In the current issue of The New York Review of Books, Christian Caryl has reviewed seven recently published books on China. This review is a must-read for amateur Sinologists and/or those interested in what the Chinese government is doing. After discussing the various interests and approaches of the authors, Caryl says
"From my own years in the region, I’m inclined to think that the experience of the other East Asian countries—which Deng privately regarded as practical models for what he wanted to do with his own—throws a great deal of light on where China is headed now. Consider, for a moment, the city of Shenzhen. Back in 1979, when the CCP decided to designate it as one of the first four “Special Economic Zones” in the country, Shenzhen was home to about 80,000 people, most of them fishermen or farmers. Today the place has a population of just under nine million, a bit more than New York City’s.

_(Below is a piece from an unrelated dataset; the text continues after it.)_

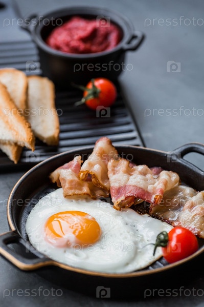 Жареные яйца на стильной керамической тарелке с ручками с жареным беконом, помидорами черри, томатной пастой и хлебными тостами на темном фоне. Завтрак обед и ужин. Вкусная еда

The workforce that fills its countless factories is drawn from China’s immense “floating population” of migrant workers desperate to escape the poverty of rural life. Virtually everyone who lives in Shenzhen comes from somewhere else. And since all Shenzheners are outsiders, they tend to speak to each other in Mandarin Chinese rather than the Cantonese dialect that prevails in most of surrounding Guangdong Province and Hong Kong." There is no act of innocence or accident or incident by the Chinese government, only acts of calculation.
Another book of interest to China watchers is
The Party: The Secret World of China’s Communist Rulers by Richard McGregor. A thought-provoking review by Slavoj Zizek can be read in the London Review of Books.